Aim of the task | Exact wording is required: give all the records again, minus the pictures.

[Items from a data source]
----
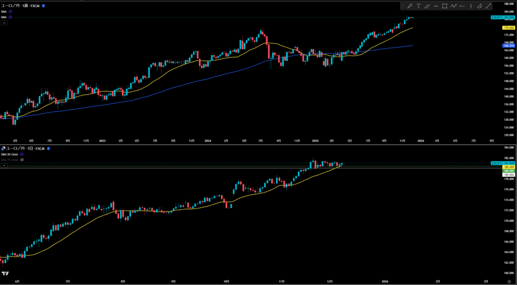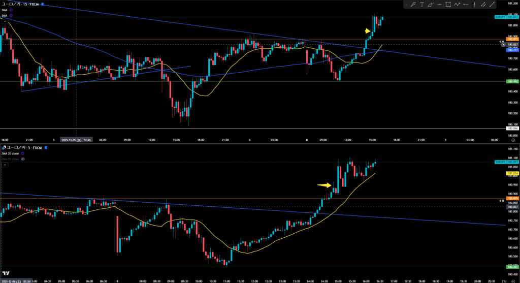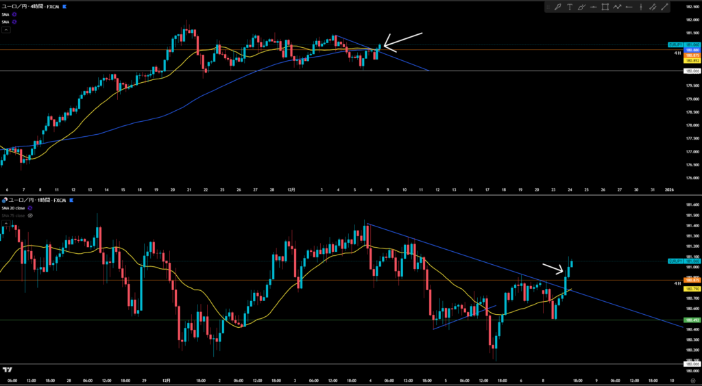 まで来ている現状ではMAでも抑えられている。ロングはレジスタンとして下位足ではリスクになる。
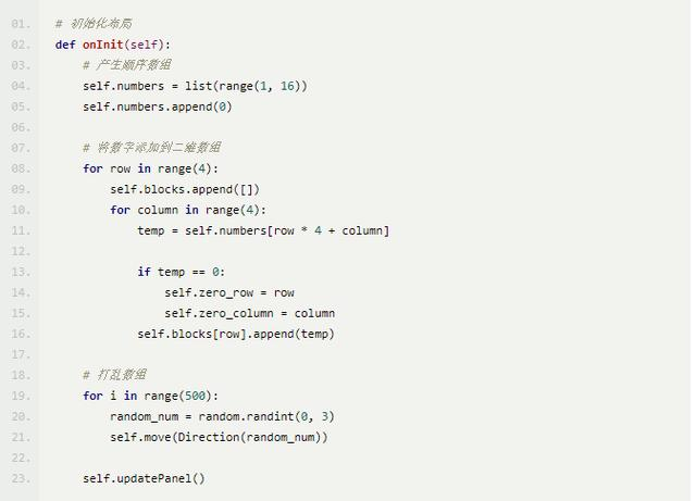先生成一个顺序数组,里面保存着**[1, 2, 3, 4, 5, 6, 7, 8, 9, 10, 11, 12, 13, 14, 15, 0]**,然后转为二维数组 blocks,再后随即移动500次,最后添加到布局。
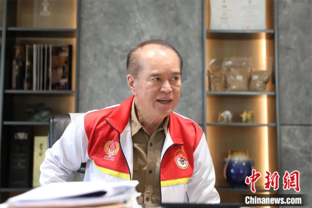 印尼龍獅運動聯(lián)合會總主席丘昌仁在雅加達接受中新社“東西問”欄目專訪。李志全 攝
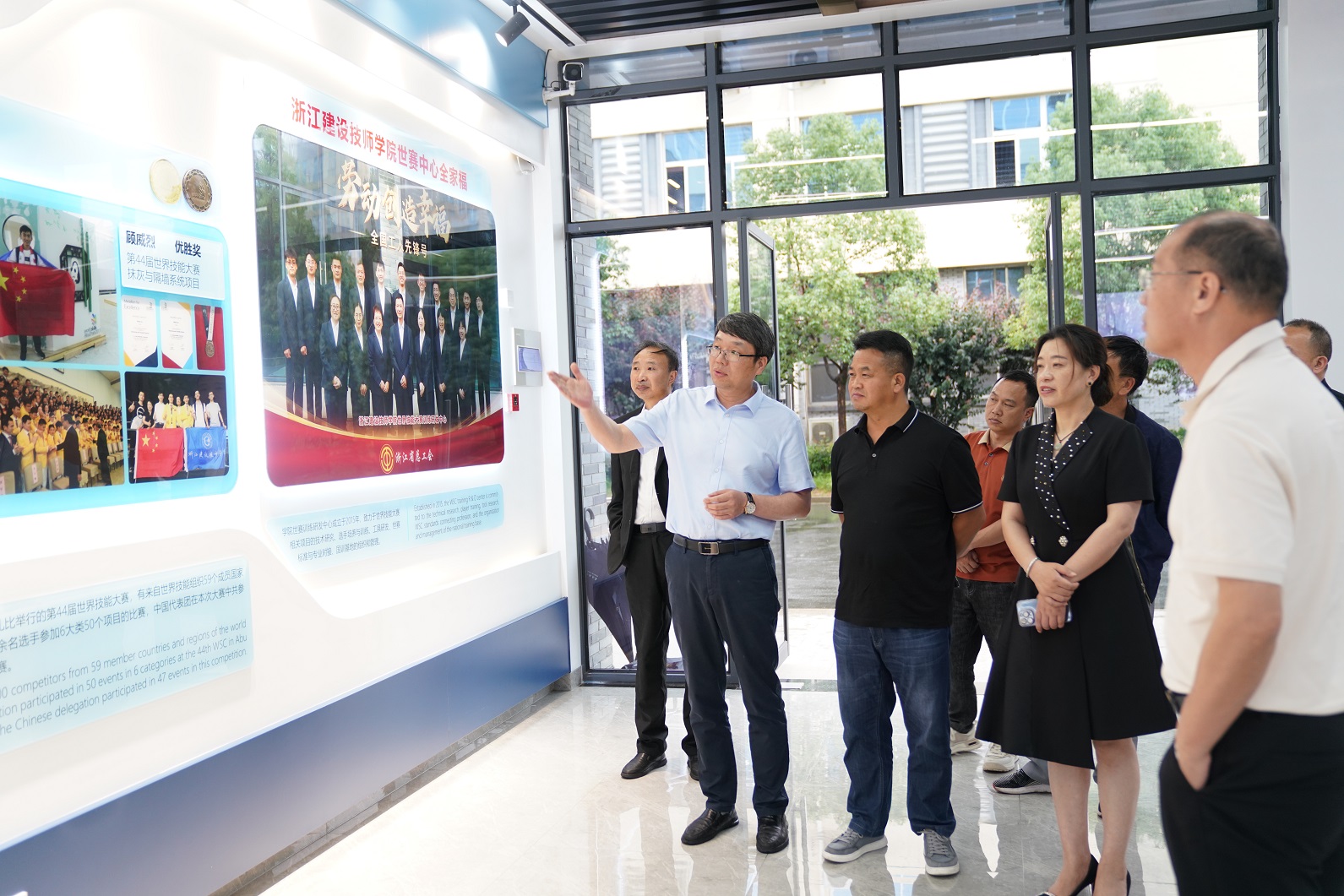 期间,张伟副主席一行还参观了学院世界技能大赛集训基地、数字建造产创中心、扶梯工作站,观摩世赛正选国手训练,详细了解学院特色育人举措。
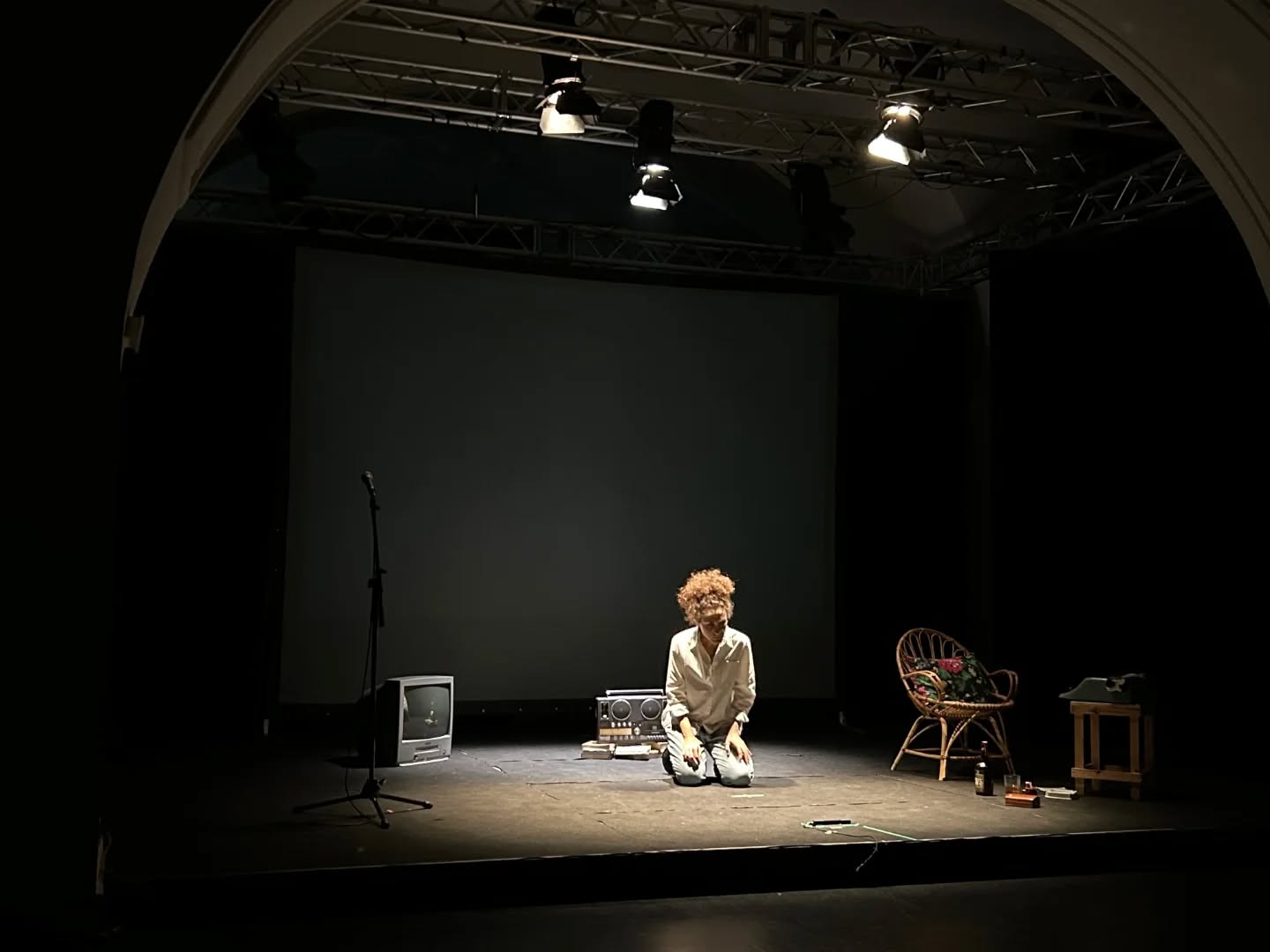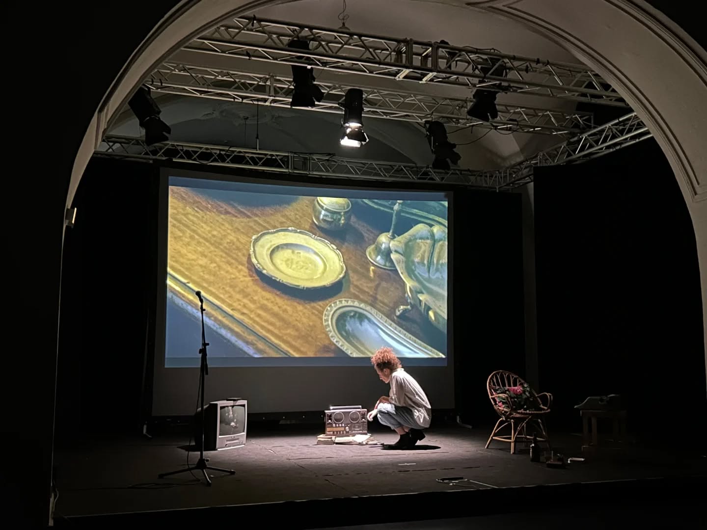 Da una macchina da scrivere, una radio mangianastri, una vecchia TV si diffondono interferenze di voci e immagini che entrano in dialogo con l’interprete, modificando la struttura monologante dello spettacolo in un’architettura a più voci. Completa il disegno una ripresa video che trasforma il dato narrativo in presenza finzionale digitale. Non è Goliarda la protagonista dello spettacolo, ma la Goliarda per quello che ci ha lasciato di sé nella sua opera e per la riserva di fantasmi che in essa è custodita. Questa in fondo non è altro che una festa dei morti!
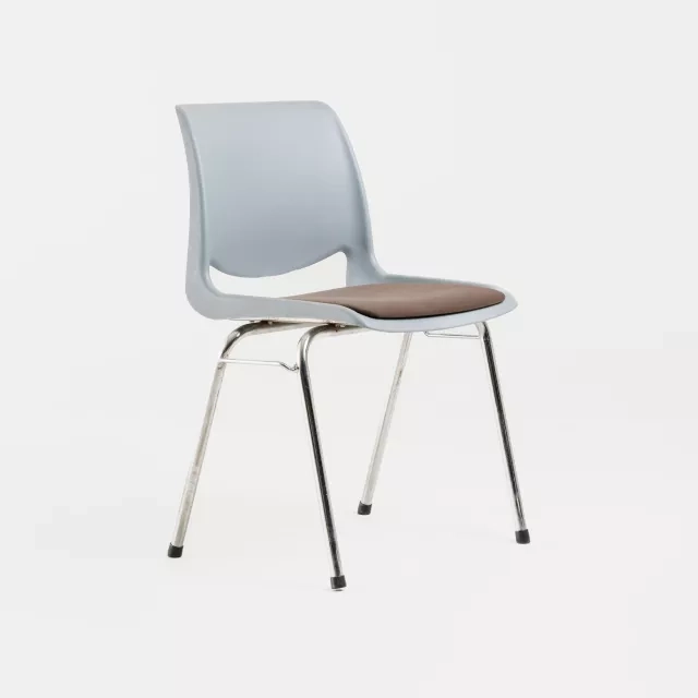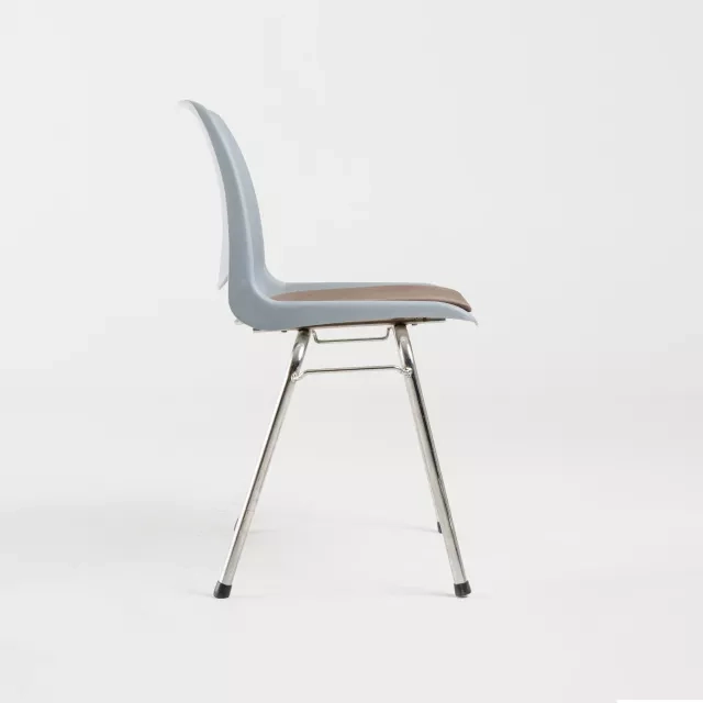Återbrukade kvalitetsstolen R-48, designad av Bendt Winge för Nordic Comfort Products under 1970-talet, fortsätter att vara ett populärt val i konferensrum världen över. Känd för sin hållbara konstruktion, är stolen tillverkad med en grå formsprutad polypropylensits, kromade ben och en stoppad mörkbrun tygdyna. Den nyligen omklädda stolen förenar klassisk design med modern komfort och hållbarhet och har redan sålts i sex miljoner exemplar.
----
Reply to the exercise |
 まで来ている現状ではMAでも抑えられている。ロングはレジスタンとして下位足ではリスクになる。
先生成一个顺序数组,里面保存着**[1, 2, 3, 4, 5, 6, 7, 8, 9, 10, 11, 12, 13, 14, 15, 0]**,然后转为二维数组 blocks,再后随即移动500次,最后添加到布局。
 印尼龍獅運動聯(lián)合會總主席丘昌仁在雅加達接受中新社“東西問”欄目專訪。李志全 攝
 期间,张伟副主席一行还参观了学院世界技能大赛集训基地、数字建造产创中心、扶梯工作站,观摩世赛正选国手训练,详细了解学院特色育人举措。
 Da una macchina da scrivere, una radio mangianastri, una vecchia TV si diffondono interferenze di voci e immagini che entrano in dialogo con l’interprete, modificando la struttura monologante dello spettacolo in un’architettura a più voci. Completa il disegno una ripresa video che trasforma il dato narrativo in presenza finzionale digitale. Non è Goliarda la protagonista dello spettacolo, ma la Goliarda per quello che ci ha lasciato di sé nella sua opera e per la riserva di fantasmi che in essa è custodita. Questa in fondo non è altro che una festa dei morti!
Återbrukade kvalitetsstolen R-48, designad av Bendt Winge för Nordic Comfort Products under 1970-talet, fortsätter att vara ett populärt val i konferensrum världen över. Känd för sin hållbara konstruktion, är stolen tillverkad med en grå formsprutad polypropylensits, kromade ben och en stoppad mörkbrun tygdyna. Den nyligen omklädda stolen förenar klassisk design med modern komfort och hållbarhet och har redan sålts i sex miljoner exemplar.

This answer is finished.